About ControlNet

ControlNet is a neural network structure designed to control diffusion models by adding extra conditions. It is primarily used for adding conditional control to text-to-image diffusion models. The structure of ControlNet involves duplicating the weights of neural network blocks into a “locked” copy and a “trainable” copy. The “trainable” copy learns your condition, while the “locked” copy preserves your original model.

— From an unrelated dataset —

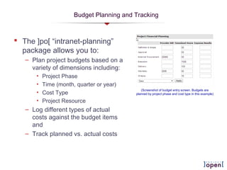 The document discusses budget planning and tracking in project-open. It allows users to:
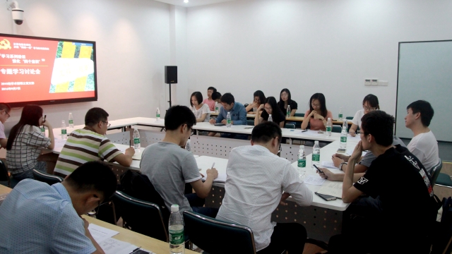 9月7日晚,公司2015级学术型硕士党支部在北楼会议室展开了一次主题为“学习系列讲话、强化‘四个意识’”的学习讨论会,这也是该支部被确定为江苏省教育系统开展“两学一做”学习教育监测点后开展的第二次集中学习活动。公司各员工党支部书记观摩了此次学习讨论。

Here are four key features of ControlNet

  1. Zero Convolution: ControlNet uses a “zero convolution” which is a 1×1 convolution with both weight and bias initialized as zeros. Before training, all zero convolutions output zeros, and ControlNet will not cause any distortion. This ensures that your original model is safe and not distorted during the training process.
  2. Small-Scale Training: ControlNet allows for training on small-scale or even personal devices. This is possible because training with a small dataset of image pairs will not destroy the production-ready diffusion models.
  3. Model Compatibility: ControlNet is friendly to merge/replacement/offsetting of models/weights/blocks/layers. This makes it a versatile tool that can be used in conjunction with various other models and structures.
  4. Stable Diffusion: By repeating the simple structure of ControlNet multiple times, it can control stable diffusion effectively. This allows the ControlNet to reuse the SD encoder as a deep, strong, robust, and powerful backbone to learn diverse controls.